Retype the data that follows line by line, exactly, and leave its pictures out.

Records from a data source

# # # #

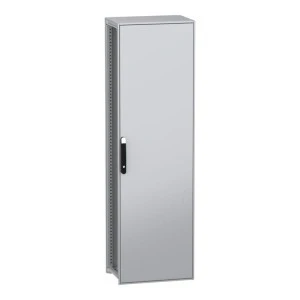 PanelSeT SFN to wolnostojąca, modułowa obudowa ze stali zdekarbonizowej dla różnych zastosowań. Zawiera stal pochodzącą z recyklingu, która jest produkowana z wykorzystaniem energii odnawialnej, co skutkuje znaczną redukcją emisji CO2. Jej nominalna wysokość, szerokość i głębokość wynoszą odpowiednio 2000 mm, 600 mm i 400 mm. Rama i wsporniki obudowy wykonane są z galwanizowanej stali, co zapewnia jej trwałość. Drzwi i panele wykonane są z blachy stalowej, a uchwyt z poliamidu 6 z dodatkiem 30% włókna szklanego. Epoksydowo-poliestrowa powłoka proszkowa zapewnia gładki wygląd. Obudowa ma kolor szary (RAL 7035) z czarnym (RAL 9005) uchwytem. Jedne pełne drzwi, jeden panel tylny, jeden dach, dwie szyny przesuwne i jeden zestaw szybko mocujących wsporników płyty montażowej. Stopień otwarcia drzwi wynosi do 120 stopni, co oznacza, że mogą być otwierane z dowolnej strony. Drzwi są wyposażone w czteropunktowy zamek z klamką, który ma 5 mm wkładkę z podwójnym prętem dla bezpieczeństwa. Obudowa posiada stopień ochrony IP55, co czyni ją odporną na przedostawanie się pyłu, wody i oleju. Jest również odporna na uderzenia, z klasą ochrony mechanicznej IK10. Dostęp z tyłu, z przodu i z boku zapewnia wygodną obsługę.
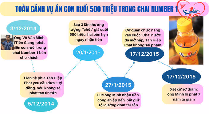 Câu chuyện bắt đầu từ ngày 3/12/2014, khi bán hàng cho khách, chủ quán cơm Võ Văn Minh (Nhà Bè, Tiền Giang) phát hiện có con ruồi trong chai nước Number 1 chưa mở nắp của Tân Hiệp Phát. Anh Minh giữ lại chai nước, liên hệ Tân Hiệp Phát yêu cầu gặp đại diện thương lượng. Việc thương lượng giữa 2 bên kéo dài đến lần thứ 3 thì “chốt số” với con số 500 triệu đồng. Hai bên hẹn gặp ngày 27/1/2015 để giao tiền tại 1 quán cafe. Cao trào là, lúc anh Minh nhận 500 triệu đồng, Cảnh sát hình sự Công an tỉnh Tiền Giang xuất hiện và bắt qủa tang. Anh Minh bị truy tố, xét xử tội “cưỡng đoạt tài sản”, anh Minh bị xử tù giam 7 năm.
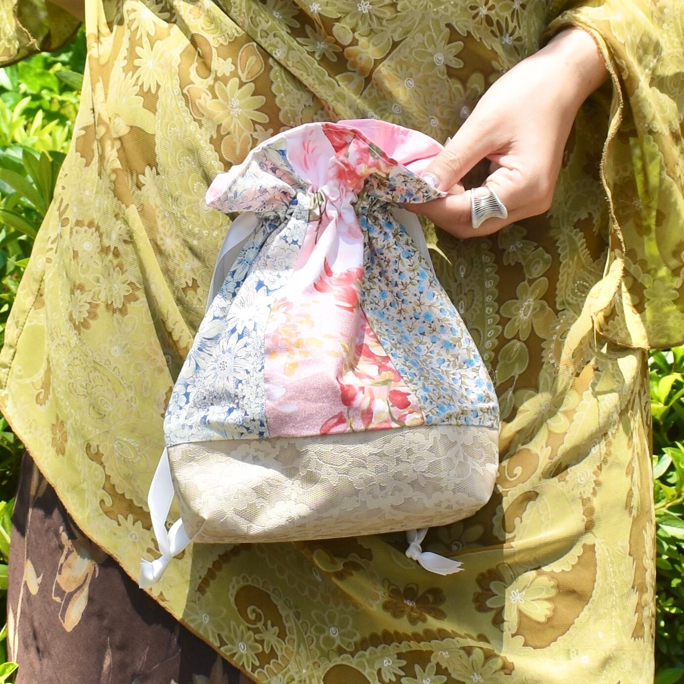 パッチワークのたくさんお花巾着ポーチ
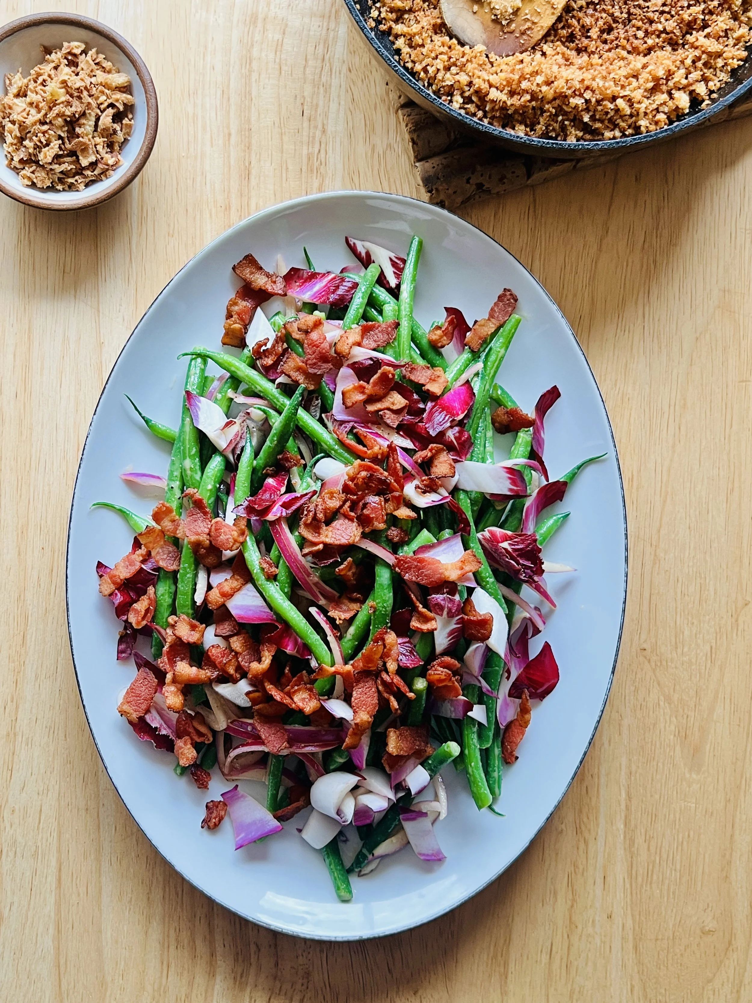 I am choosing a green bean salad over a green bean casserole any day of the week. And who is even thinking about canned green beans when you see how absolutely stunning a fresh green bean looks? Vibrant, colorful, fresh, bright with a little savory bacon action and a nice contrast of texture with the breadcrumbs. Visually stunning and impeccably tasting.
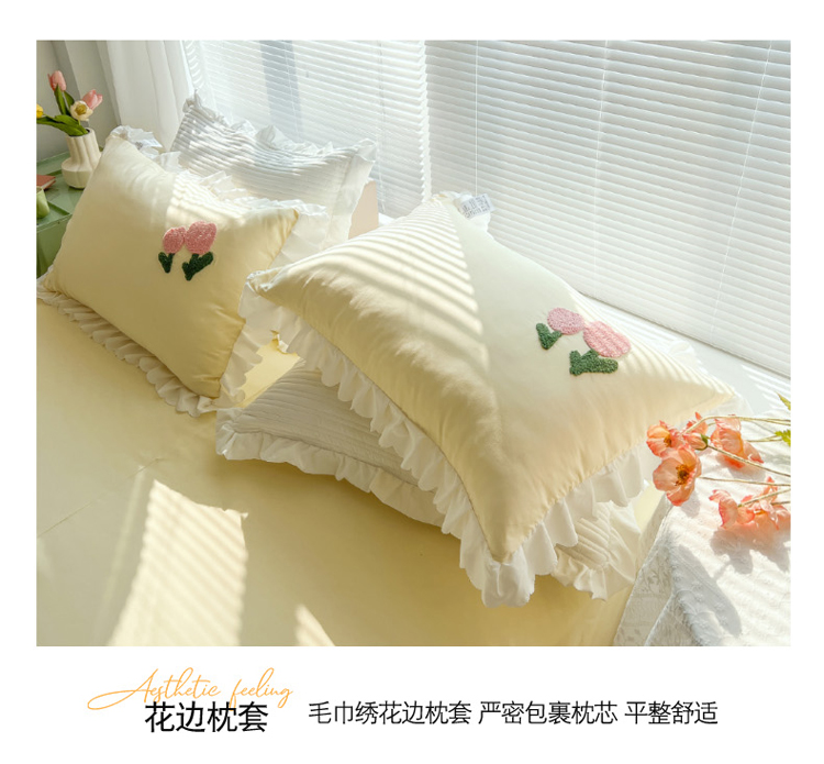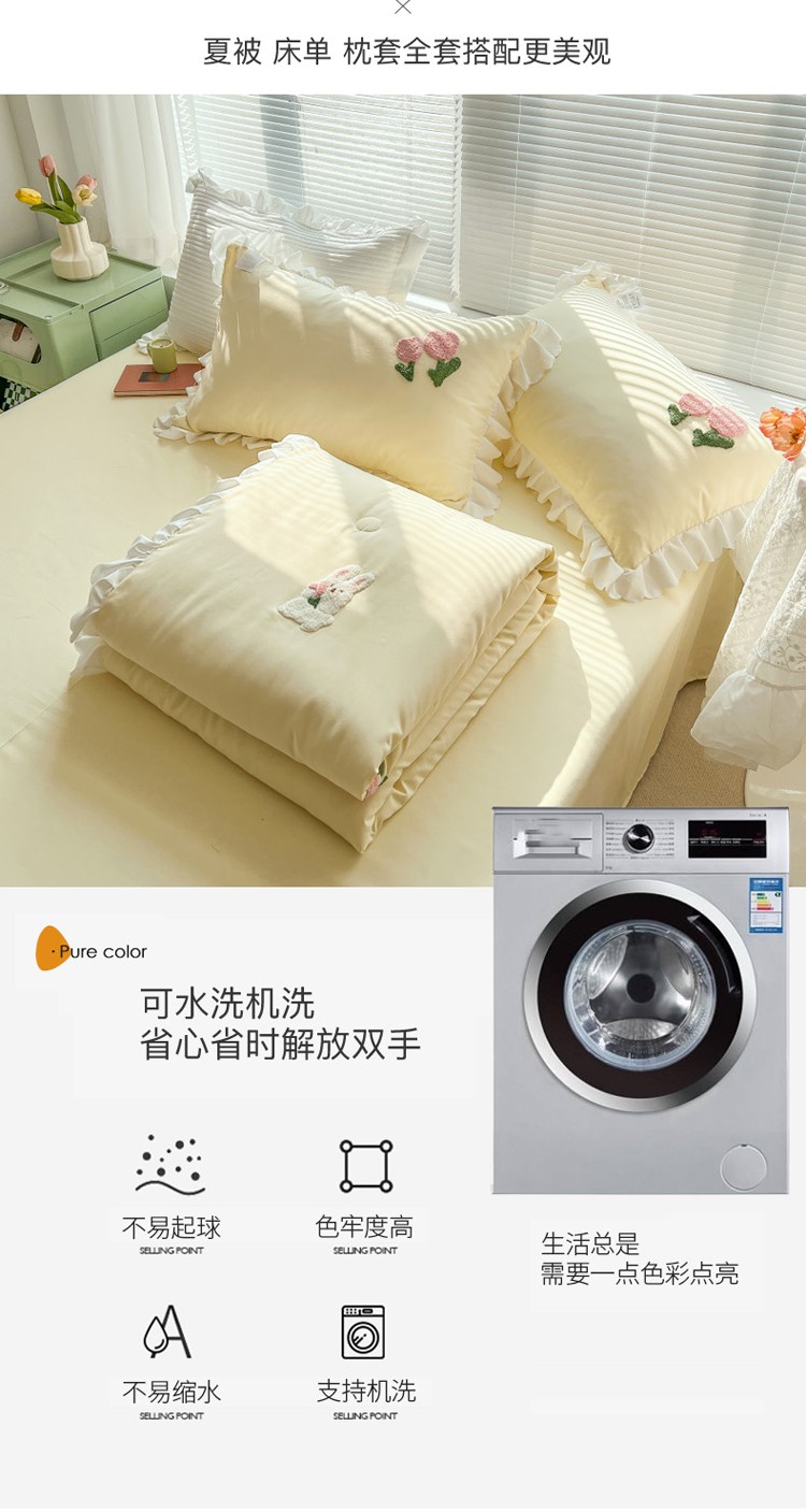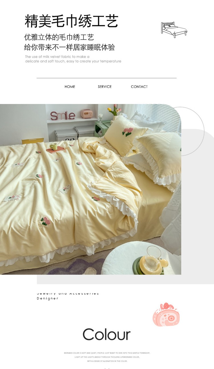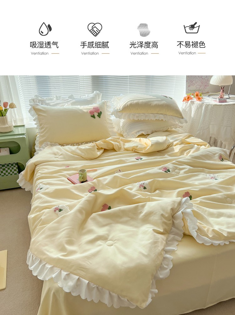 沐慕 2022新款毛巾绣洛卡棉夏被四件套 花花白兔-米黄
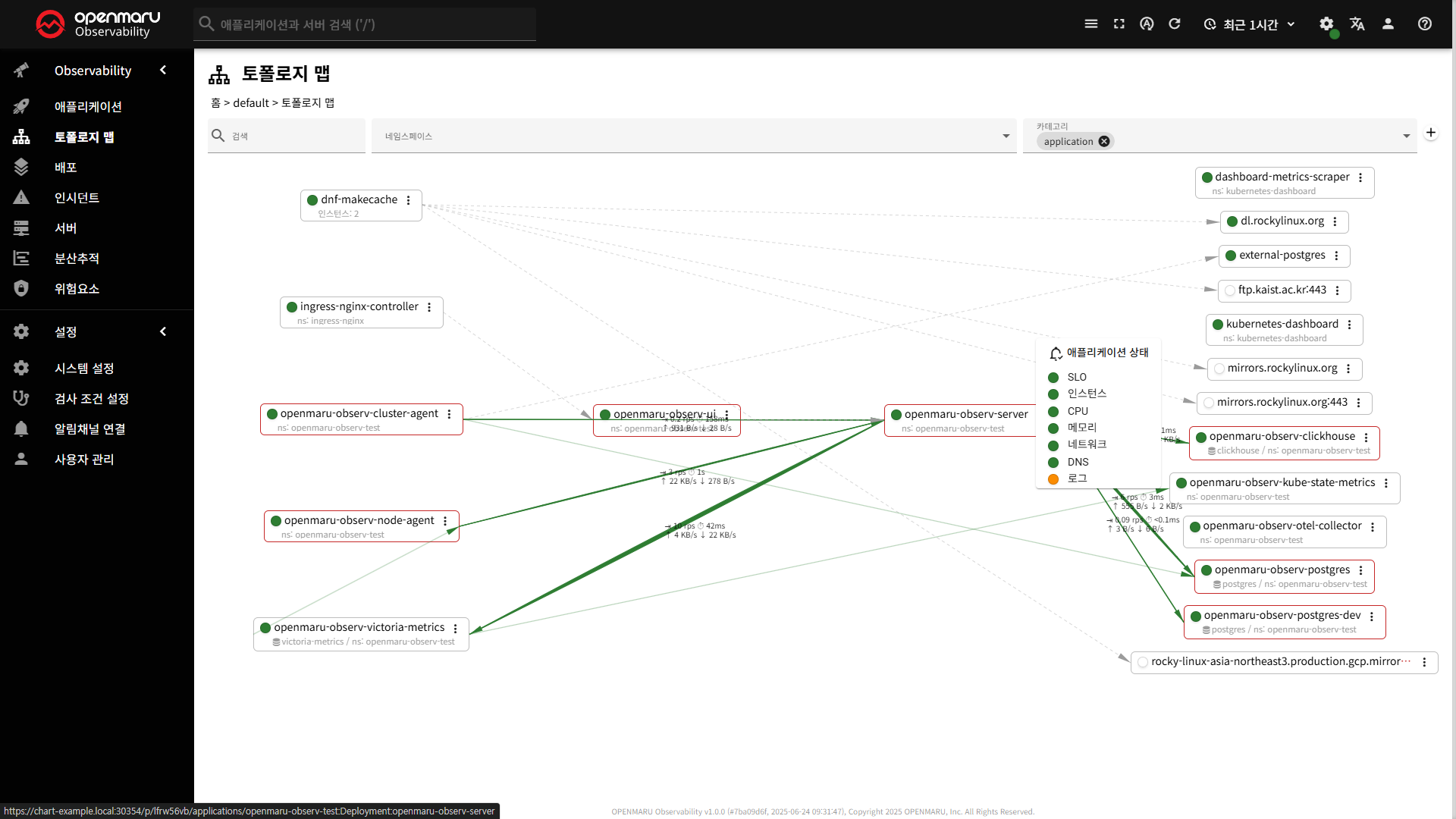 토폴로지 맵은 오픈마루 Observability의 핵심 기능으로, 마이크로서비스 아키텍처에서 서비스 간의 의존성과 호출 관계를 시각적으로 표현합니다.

# # # #

**Problem solution:**
 PanelSeT SFN to wolnostojąca, modułowa obudowa ze stali zdekarbonizowej dla różnych zastosowań. Zawiera stal pochodzącą z recyklingu, która jest produkowana z wykorzystaniem energii odnawialnej, co skutkuje znaczną redukcją emisji CO2. Jej nominalna wysokość, szerokość i głębokość wynoszą odpowiednio 2000 mm, 600 mm i 400 mm. Rama i wsporniki obudowy wykonane są z galwanizowanej stali, co zapewnia jej trwałość. Drzwi i panele wykonane są z blachy stalowej, a uchwyt z poliamidu 6 z dodatkiem 30% włókna szklanego. Epoksydowo-poliestrowa powłoka proszkowa zapewnia gładki wygląd. Obudowa ma kolor szary (RAL 7035) z czarnym (RAL 9005) uchwytem. Jedne pełne drzwi, jeden panel tylny, jeden dach, dwie szyny przesuwne i jeden zestaw szybko mocujących wsporników płyty montażowej. Stopień otwarcia drzwi wynosi do 120 stopni, co oznacza, że mogą być otwierane z dowolnej strony. Drzwi są wyposażone w czteropunktowy zamek z klamką, który ma 5 mm wkładkę z podwójnym prętem dla bezpieczeństwa. Obudowa posiada stopień ochrony IP55, co czyni ją odporną na przedostawanie się pyłu, wody i oleju. Jest również odporna na uderzenia, z klasą ochrony mechanicznej IK10. Dostęp z tyłu, z przodu i z boku zapewnia wygodną obsługę.
 Câu chuyện bắt đầu từ ngày 3/12/2014, khi bán hàng cho khách, chủ quán cơm Võ Văn Minh (Nhà Bè, Tiền Giang) phát hiện có con ruồi trong chai nước Number 1 chưa mở nắp của Tân Hiệp Phát. Anh Minh giữ lại chai nước, liên hệ Tân Hiệp Phát yêu cầu gặp đại diện thương lượng. Việc thương lượng giữa 2 bên kéo dài đến lần thứ 3 thì “chốt số” với con số 500 triệu đồng. Hai bên hẹn gặp ngày 27/1/2015 để giao tiền tại 1 quán cafe. Cao trào là, lúc anh Minh nhận 500 triệu đồng, Cảnh sát hình sự Công an tỉnh Tiền Giang xuất hiện và bắt qủa tang. Anh Minh bị truy tố, xét xử tội “cưỡng đoạt tài sản”, anh Minh bị xử tù giam 7 năm.
 パッチワークのたくさんお花巾着ポーチ
 I am choosing a green bean salad over a green bean casserole any day of the week. And who is even thinking about canned green beans when you see how absolutely stunning a fresh green bean looks? Vibrant, colorful, fresh, bright with a little savory bacon action and a nice contrast of texture with the breadcrumbs. Visually stunning and impeccably tasting.
 沐慕 2022新款毛巾绣洛卡棉夏被四件套 花花白兔-米黄
 토폴로지 맵은 오픈마루 Observability의 핵심 기능으로, 마이크로서비스 아키텍처에서 서비스 간의 의존성과 호출 관계를 시각적으로 표현합니다.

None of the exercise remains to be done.